**Task requirements**.
Work through the listing below and give again exactly the lines from the one with "Elektrický pečicí hrnec" to the one with "3月1日下午,财务处在会议室", both ends included. All other lines and all pictures stay out.

Source data section start

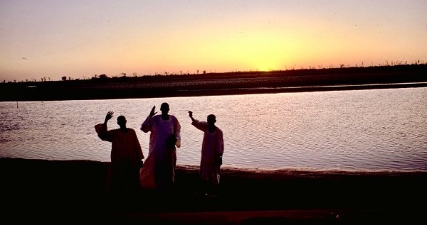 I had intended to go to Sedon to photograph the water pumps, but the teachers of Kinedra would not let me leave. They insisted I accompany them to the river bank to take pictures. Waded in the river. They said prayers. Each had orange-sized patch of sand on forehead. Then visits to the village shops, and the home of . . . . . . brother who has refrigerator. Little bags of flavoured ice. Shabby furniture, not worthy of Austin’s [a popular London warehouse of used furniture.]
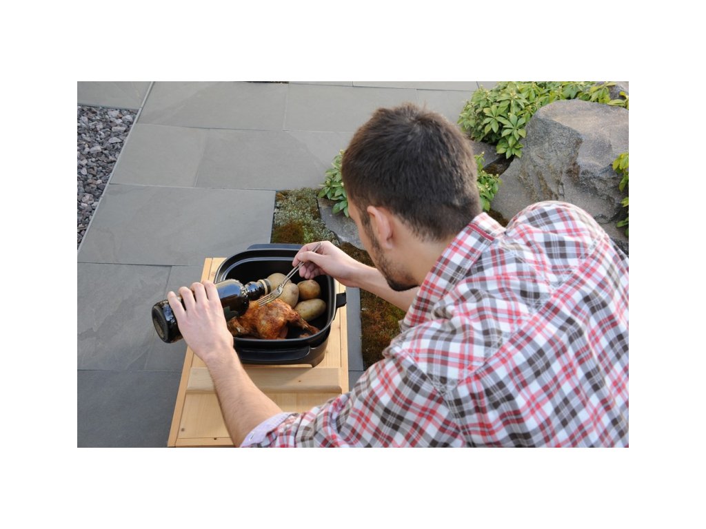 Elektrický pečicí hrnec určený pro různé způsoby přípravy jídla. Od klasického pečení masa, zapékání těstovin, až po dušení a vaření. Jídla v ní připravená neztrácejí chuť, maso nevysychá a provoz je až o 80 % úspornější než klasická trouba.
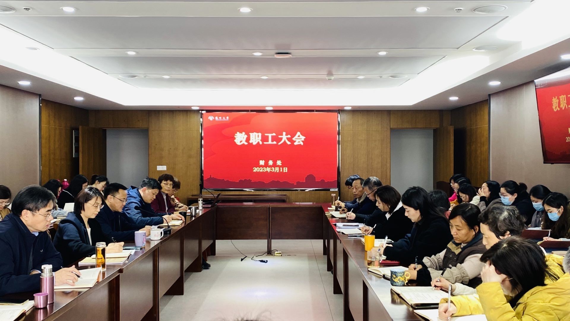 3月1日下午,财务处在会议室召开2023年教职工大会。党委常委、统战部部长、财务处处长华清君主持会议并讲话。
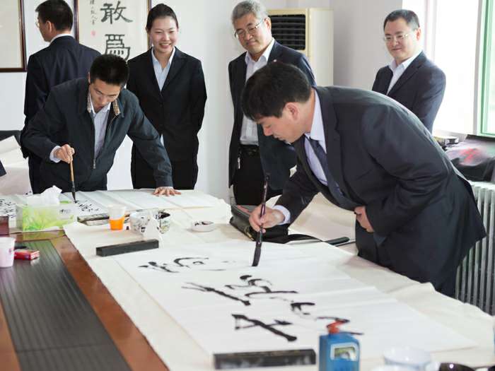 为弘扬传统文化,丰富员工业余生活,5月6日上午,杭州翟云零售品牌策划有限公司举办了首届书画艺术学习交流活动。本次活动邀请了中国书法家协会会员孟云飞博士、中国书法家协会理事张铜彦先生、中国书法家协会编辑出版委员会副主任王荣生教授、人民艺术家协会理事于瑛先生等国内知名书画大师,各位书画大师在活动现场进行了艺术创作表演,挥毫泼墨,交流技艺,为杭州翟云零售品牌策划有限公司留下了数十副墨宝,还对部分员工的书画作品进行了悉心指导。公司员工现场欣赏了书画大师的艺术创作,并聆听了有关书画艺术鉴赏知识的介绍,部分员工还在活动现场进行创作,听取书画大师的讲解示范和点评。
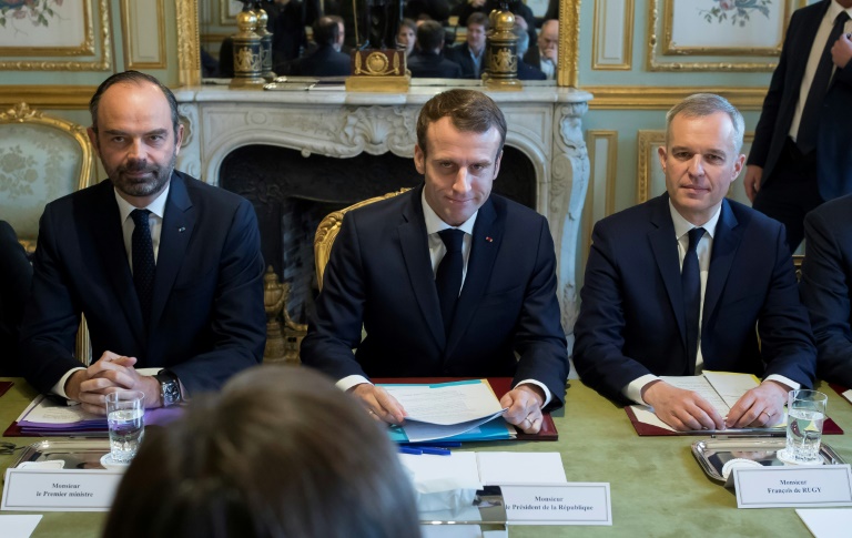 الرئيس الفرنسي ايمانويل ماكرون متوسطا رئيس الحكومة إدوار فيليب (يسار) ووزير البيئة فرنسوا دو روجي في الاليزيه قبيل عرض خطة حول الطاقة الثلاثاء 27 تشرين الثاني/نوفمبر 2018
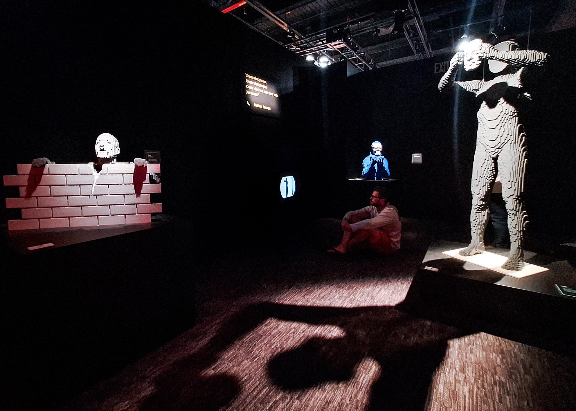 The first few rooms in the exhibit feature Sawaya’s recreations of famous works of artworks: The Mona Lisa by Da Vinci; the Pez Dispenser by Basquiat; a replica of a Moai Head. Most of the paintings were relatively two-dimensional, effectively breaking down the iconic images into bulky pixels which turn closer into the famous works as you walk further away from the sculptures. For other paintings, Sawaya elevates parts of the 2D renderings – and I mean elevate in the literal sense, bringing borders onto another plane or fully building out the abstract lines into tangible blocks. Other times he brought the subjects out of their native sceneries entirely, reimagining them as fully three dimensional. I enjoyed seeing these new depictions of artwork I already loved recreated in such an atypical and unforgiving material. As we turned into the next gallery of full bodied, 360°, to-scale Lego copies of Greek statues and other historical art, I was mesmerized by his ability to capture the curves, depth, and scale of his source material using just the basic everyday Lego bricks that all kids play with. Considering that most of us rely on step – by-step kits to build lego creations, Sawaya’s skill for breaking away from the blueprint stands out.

Source data section end

**Exercise output**.
 Elektrický pečicí hrnec určený pro různé způsoby přípravy jídla. Od klasického pečení masa, zapékání těstovin, až po dušení a vaření. Jídla v ní připravená neztrácejí chuť, maso nevysychá a provoz je až o 80 % úspornější než klasická trouba.
 3月1日下午,财务处在会议室召开2023年教职工大会。党委常委、统战部部长、财务处处长华清君主持会议并讲话。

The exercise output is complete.